Le séisme qui a frappé le Venezuela le 25 juin dernier continue de révéler son ampleur tragique. Le dernier bilan officiel fait état de 920 victimes, un nombre qui pourrait encore augmenter à mesure que les opérations de déblaiement se poursuivent dans les zones les plus sinistrées. Cependant, des sources sur le terrain rapportent que le chiffre réel approcherait le millier de morts, les recherches étant entravées par l’ampleur des destructions.

Face à l’urgence, des équipes de secours internationales ont commencé à arriver dans le pays. Plusieurs gouvernements étrangers ont dépêché des experts en sauvetage, du matériel médical et des vivres. Pourtant, sur place, la coordination des secours se heurte à une réponse gouvernementale jugée trop lente et désorganisée. De nombreux sinistrés et volontaires dénoncent un manque de moyens logistiques et de communication de la part des autorités locales, ce qui retarde l’acheminement de l’aide vers les régions les plus touchées.

La diaspora vénézuélienne en Colombie se mobilise

Dans ce contexte, les Vénézuéliens installés en Colombie ont décidé de prendre les choses en main. À Bogota et dans d’autres grandes villes colombiennes, des collectes de fonds et de biens de première nécessité s’organisent spontanément. Des particuliers et des associations remplissent des camions de nourriture, d’eau, de médicaments et de vêtements destinés à leurs proches restés au Venezuela. « Nous n’avons pas de nouvelles de ma tante et de ses enfants depuis trois jours », confie Maria, une Vénézuélienne de 34 ans rencontrée dans un centre de collecte de la capitale colombienne. « Nous espérons que ce convoi pourra les atteindre avant qu’il ne soit trop tard. »

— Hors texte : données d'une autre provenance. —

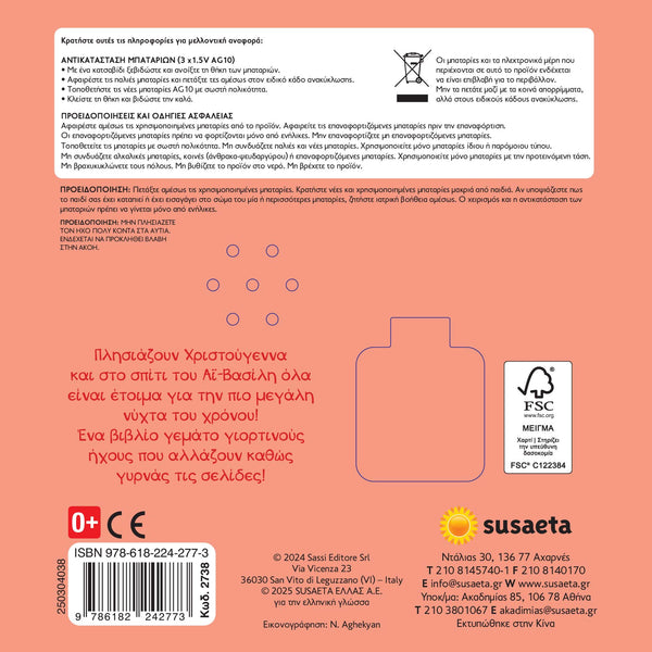 Πλησιάζουν Χριστούγεννα και στο σπίτι του Αϊ-Βασίλη όλα είναι έτοιμα για την πιο μεγάλη νύχτα του χρόνου! Ένα βιβλίο γεμάτο γιορτινούς ήχους που αλλάζουν καθώς γυρνάς τις σελίδες!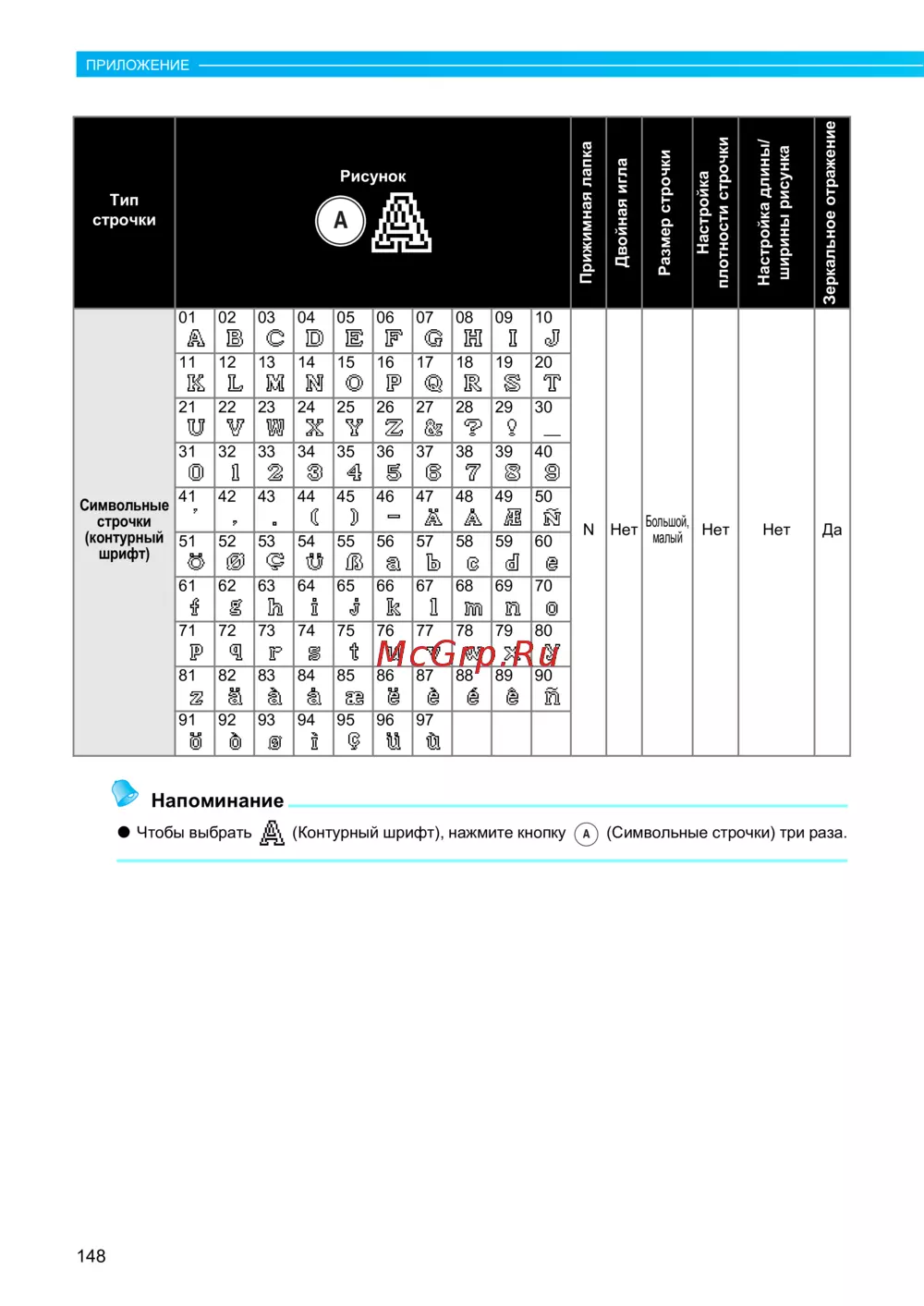 z Чтобы выбрать (Контурный шрифт), нажмите кнопку (Символьные строчки) три раза.

Les autorités colombiennes ont facilité le transit de ces convois humanitaires vers la frontière, mais le passage des camions reste soumis à des contrôles stricts de la part des douanes vénézuéliennes. Malgré ces obstacles, des dizaines de tonnes de marchandises ont déjà été acheminées, selon les organisateurs. La diaspora, forte de plusieurs centaines de milliers de personnes en Colombie, constitue aujourd’hui l’un des principaux canaux d’approvisionnement des zones sinistrées.

Les défis des équipes internationales

Parallèlement, les experts étrangers déployés sur le terrain doivent composer avec l’état des infrastructures. Routes effondrées, coupures d’électricité et pénurie d’eau potable compliquent considérablement leur mission. Dans les villes les plus proches de l’épicentre, des hôpitaux de campagne ont été montés à la hâte pour accueillir les blessés. Les équipes de recherche, équipées de chiens et de détecteurs de signes de vie, poursuivent sans relâche leurs fouilles dans les décombres, espérant retrouver d’éventuels survivants.

Les témoignages recueillis auprès des secouristes évoquent une désorganisation générale : absence de plans précis, manque de carburant pour les véhicules, et difficulté à localiser les zones les plus nécessiteuses. Certaines organisations non gouvernementales ont critiqué la lenteur de la mise en place d’un centre de commandement unifié, ce qui retarde l’affectation des moyens disponibles.

Un pays sous le choc

Les séismes, qualifiés de plus violents depuis 125 ans, ont semé la panique et la désolation dans plusieurs régions du nord du pays. Des milliers de familles se retrouvent sans abri, et les besoins en abris d’urgence et en produits sanitaires restent immenses. Alors que les Vénézuéliens tentent de faire face à cette catastrophe, la mobilisation internationale et celle de la diaspora offrent une lueur d’espoir, mais le chemin vers la reconstruction s’annonce long et semé d’embûches.